Nigel Mansell’s car from his 1992 World Championship-winning Formula 1 season could fetch a seven-figure sum when it crosses the block at Bonhams this summer.
The Williams-Renault FW14B Formula 1 car, known as ‘Red Five’, is expected to sell for up to £3 million ($3.86 million) during the Bonhams Festival of Speed sale at Goodwood on July 5.
Mansell drove the car to victory in the first five races of the 1992 season, and became the first driver in F1 history to win nine Grand Prix races within a single season, claiming the title with five races to spare.
He was the first British driver to claim the Formula 1 title since James Hunt in 1976, and fought off competition from the likes of Ayrton Senna and Michael Schumacher.
In addition the car was also raced six times by Mansell’s teammate Riccardo Patrese, who finished runner-up in the Championship and helped Williams-Renault to the 1992 Formula 1 Constructors’ World Championship title.
The Williams-Renault FW14B Formula 1 car featured a host of technological advances which placed it light years ahead of the competition, including active suspension, traction control and a semi-automatic paddle shift gearbox.
Such was the car’s dominance that many of these features were subsequently banned from the competition – meaning that even 27 years on, it remains one of the most technologically advanced F1 cars in racing history.
“The FW14B was the high-water mark in Grand Prix design for ’92. It was so dominant that it trounced the competition in ten of the sixteen rounds of the Championship, with records tumbling along the way,” said Mark Osborne, Global Director of Motorsport at Bonhams.

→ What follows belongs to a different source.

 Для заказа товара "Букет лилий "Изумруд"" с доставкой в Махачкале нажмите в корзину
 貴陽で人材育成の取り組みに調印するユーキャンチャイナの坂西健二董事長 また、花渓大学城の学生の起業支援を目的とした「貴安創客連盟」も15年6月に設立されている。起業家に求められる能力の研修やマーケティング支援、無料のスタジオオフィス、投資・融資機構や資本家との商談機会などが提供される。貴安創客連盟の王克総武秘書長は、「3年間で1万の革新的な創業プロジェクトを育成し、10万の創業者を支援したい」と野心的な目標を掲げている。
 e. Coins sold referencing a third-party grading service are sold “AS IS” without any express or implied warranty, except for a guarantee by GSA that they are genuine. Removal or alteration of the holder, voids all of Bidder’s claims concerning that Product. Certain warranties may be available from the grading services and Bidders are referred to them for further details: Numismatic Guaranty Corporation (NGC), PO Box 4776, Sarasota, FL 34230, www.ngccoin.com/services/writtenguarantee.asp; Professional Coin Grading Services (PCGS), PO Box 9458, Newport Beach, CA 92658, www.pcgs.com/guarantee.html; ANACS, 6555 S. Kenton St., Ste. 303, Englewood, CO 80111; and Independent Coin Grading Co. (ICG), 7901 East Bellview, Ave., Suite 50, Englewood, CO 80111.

“As a young man, and along with a nation, I was in patriotic awe of the brilliance of the British Williams cars, and of Red 5 in particular. The FW14B was then and remains today one of the most sophisticated cars to compete in F1, and we at Bonhams are honoured to have been entrusted with such a motor racing legend.”

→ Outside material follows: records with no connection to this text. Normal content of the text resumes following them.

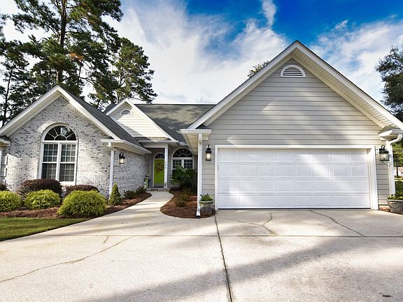 ON THE GOLF COURSE WITH A PRIVATE POOL IN WEDGEFIELD PLANTATION - Welcome to an elegant 3-bedroom, 3-bathroom sanctuary, where modern refinement meets functionality. On the first floor, two spacious suites each offer their private baths, with the primary suite boasting a luxurious jetted tub and walk-in shower. Natural light dances through the open-concept layout, enhanced by vaulted ceilings, skylights, and a heartwarming dual-sided fireplace. The living, dining, and sunroom areas seamlessly converge, leading to a 2020-updated kitchen adorned with quartz countertops and state-of-the-art stainless appliances. The richness of hickory hardwood on the first floor gives way to the cozy carpeted loft-bedroom on the second, currently serving as a tranquil office retreat. --------- Stepping outdoors, the crown jewel awaits: a majestic 16x32 in-ground pool. Protected within a grand screen enclosure, its surrounding deck promises safety and relaxation, especially beneath the retractable shade awning. A picturesque circular driveway winds its way past mature, blossoming gardens. Additional perks include easy-to-clean tilt windows, ambient light dimmers, a roomy two-car garage with an adjoining heated/cooled workshop, efficient lawn irrigation, and dual HVAC systems. Nestled against the backdrop of the scenic #2-hole green, this home is a harmonious blend of luxury and peace.
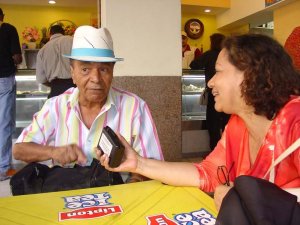 Selma Campos (na foto, entrevistando o Monarco. Esse é o retrato da Selma: sempre apurando uma notícia, pensando no leitor, antes de tudo)
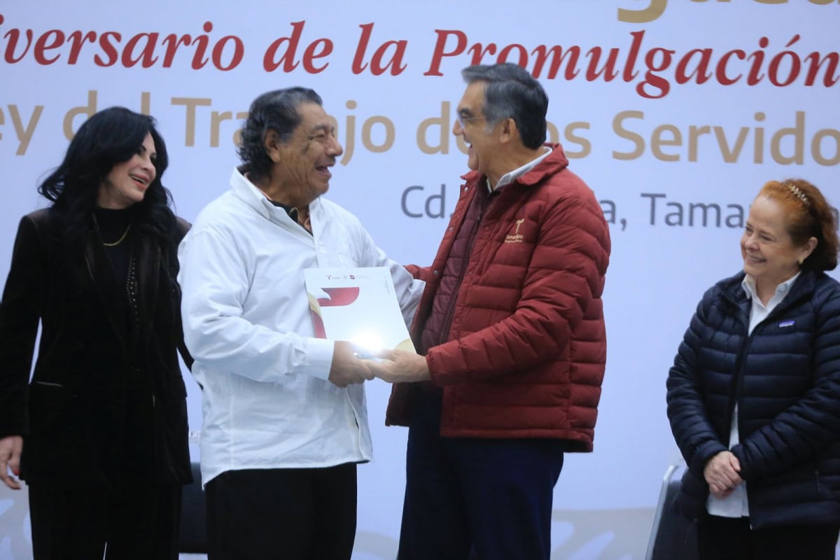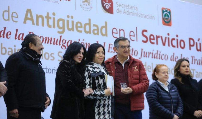 En esta ceremonia, recibieron de manera especial su reconocimiento por 50 años de servicio: Gerardo Salinas Trejo, de la Secretaría de Finanzas, y David González Delgado, de la Secretaría de Administración, mientras que Gerarda Pelcastre, de la Secretaría de Administración, fue galardonada por cumplir 55 años de servicio en el Gobierno de Tamaulipas.
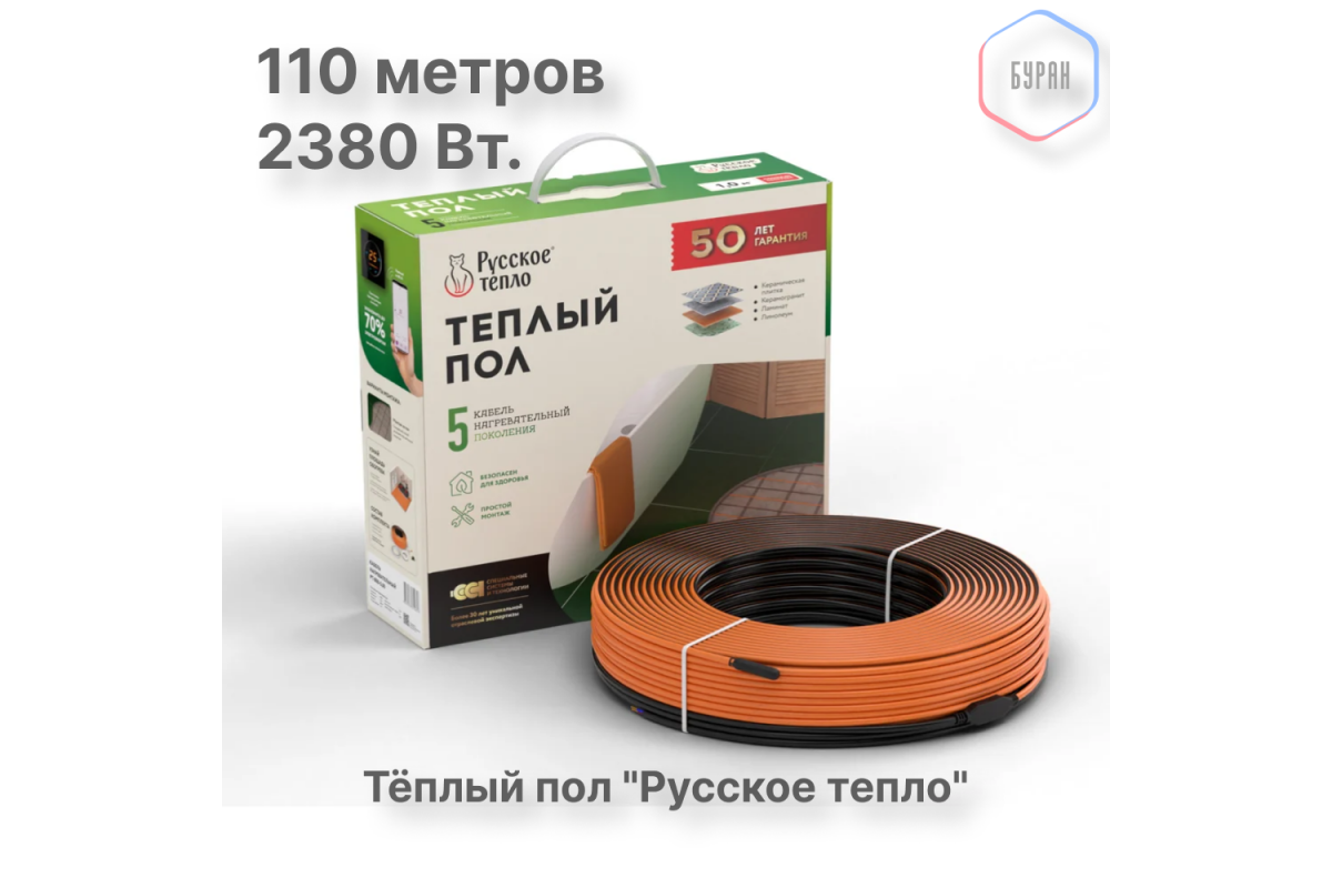 Теплый пол кабельный "Русское тепло" РТ-2380-110,0 — надёжный нагревательный мат под плитку

The car has been described as one of the most important F1 cars ever offered for sale, although it will need to double its estimate if it stands a chance of setting records in the auction room.
The current highest auction price ever paid for a Formula 1 car stands at $7.5 million, set by Michael Schumacher’s 2001 Monaco Grand Prix-winning Ferrari which sold at Sotheby’s in November 2017.